The chairman said that it may have said that, but there is no scope under the Act and the Rules for this.
Judge Anwarul Haq said that the procedure of trial is stated in section 10. There is no scope to allow the accused to give explanation on evidence in section 10. All the procedures of sections 10 and 11 have been complied with.
Barrister Moudud Ahmed then appeared for defense and said that even if the right is not included in section 10 of ICTA, for the sake of fairness you should allow the accused to give explanation against the charges. 'You cannot pass judgment without hearing the explanation of the Accused,' he said.
The lawyer Khandaker Mahbub Uddin Ahmed appearing for the defense said that the tribunal should interpret section 10 of the Act to accommodate section 17(1). The word ‘charge’ should be interpreted to include summary of evidence.
Haider Ali, the prosecutor, stated that at the time of framing charges the accused was asked to enter plea, so section 17(1) has been complied with. Section 23 of the 1973 Act has excluded application of the criminal procedure code, so the court should not consider section 342. Section 17(1) provides a right for explanation of charges and it was complied with at the time of framing of charge.
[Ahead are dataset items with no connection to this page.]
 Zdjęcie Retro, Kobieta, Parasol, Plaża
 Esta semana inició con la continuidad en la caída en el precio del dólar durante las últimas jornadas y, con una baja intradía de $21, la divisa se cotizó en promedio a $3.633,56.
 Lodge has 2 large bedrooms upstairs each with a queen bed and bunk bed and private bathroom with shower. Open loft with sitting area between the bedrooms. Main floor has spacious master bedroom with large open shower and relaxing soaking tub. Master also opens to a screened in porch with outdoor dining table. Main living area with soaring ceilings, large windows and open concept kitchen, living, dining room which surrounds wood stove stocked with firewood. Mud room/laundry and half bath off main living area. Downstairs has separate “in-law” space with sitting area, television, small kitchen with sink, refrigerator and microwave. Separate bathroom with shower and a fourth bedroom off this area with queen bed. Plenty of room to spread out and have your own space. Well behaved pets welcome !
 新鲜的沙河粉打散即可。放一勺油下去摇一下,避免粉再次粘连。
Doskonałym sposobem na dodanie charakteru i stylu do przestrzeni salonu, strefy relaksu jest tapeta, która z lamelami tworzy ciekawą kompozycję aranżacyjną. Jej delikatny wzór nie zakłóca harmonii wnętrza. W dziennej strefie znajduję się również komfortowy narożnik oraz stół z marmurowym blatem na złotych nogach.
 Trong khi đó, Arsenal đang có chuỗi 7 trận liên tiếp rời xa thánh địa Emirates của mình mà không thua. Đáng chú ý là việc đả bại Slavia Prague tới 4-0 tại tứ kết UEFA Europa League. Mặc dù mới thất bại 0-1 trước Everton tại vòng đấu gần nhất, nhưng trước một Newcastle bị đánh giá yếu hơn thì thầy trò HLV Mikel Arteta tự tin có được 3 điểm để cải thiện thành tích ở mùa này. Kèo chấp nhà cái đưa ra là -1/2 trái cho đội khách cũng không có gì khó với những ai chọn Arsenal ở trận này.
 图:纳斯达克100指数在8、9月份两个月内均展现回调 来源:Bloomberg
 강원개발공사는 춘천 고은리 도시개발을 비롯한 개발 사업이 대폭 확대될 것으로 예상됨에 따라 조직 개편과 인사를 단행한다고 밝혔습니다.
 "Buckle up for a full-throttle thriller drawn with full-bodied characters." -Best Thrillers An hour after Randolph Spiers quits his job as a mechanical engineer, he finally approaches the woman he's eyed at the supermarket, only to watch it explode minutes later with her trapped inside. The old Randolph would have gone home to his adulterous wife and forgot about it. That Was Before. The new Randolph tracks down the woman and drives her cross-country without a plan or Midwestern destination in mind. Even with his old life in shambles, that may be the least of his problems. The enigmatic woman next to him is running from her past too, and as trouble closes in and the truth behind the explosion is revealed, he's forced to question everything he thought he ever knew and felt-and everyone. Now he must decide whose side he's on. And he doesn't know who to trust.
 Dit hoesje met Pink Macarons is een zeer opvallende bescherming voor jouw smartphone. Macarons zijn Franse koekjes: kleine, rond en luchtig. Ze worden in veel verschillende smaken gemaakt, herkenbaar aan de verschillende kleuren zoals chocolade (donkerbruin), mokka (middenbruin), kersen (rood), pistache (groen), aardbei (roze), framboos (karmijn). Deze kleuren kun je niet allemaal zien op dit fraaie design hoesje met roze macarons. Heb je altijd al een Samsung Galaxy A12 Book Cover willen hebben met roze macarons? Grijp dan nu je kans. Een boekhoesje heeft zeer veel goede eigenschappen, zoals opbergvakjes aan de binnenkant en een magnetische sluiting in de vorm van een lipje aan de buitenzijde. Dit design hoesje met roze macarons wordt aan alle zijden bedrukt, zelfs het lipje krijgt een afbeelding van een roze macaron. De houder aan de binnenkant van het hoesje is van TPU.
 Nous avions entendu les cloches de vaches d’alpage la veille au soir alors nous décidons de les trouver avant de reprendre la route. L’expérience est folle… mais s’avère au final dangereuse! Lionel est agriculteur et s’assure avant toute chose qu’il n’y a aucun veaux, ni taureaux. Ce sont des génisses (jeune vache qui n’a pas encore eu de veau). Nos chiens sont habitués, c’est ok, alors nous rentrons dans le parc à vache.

It is not a right to explain the evidence.
The chairman then asked Haider Ali that if this tribunal thinks that for the ends of justice the accused may be asked for an explanation, can we do this? Haider Ali said that under rule 46A the tribunal has that power, but it is not necessary at this stage of trial.
The tribunal said that they will pass the order later.
After the lunch break, the defense counsel were not present as they boycotted proceedings due to the alleged witness abduction.
The chairman rejected the application relating to section 17(1).
7. Application re recall of order
Another application concerning the recall of an order dated 23th October 2012 was rejected. (Not clear what that was)
8. Application to allow Noman and Bali to testify at the tribunal
An application to allow Mr. Oliullah Noman and Mr. Shukharanjan Bali to testify as Defence Witnesses before commencement of Argument was rejected.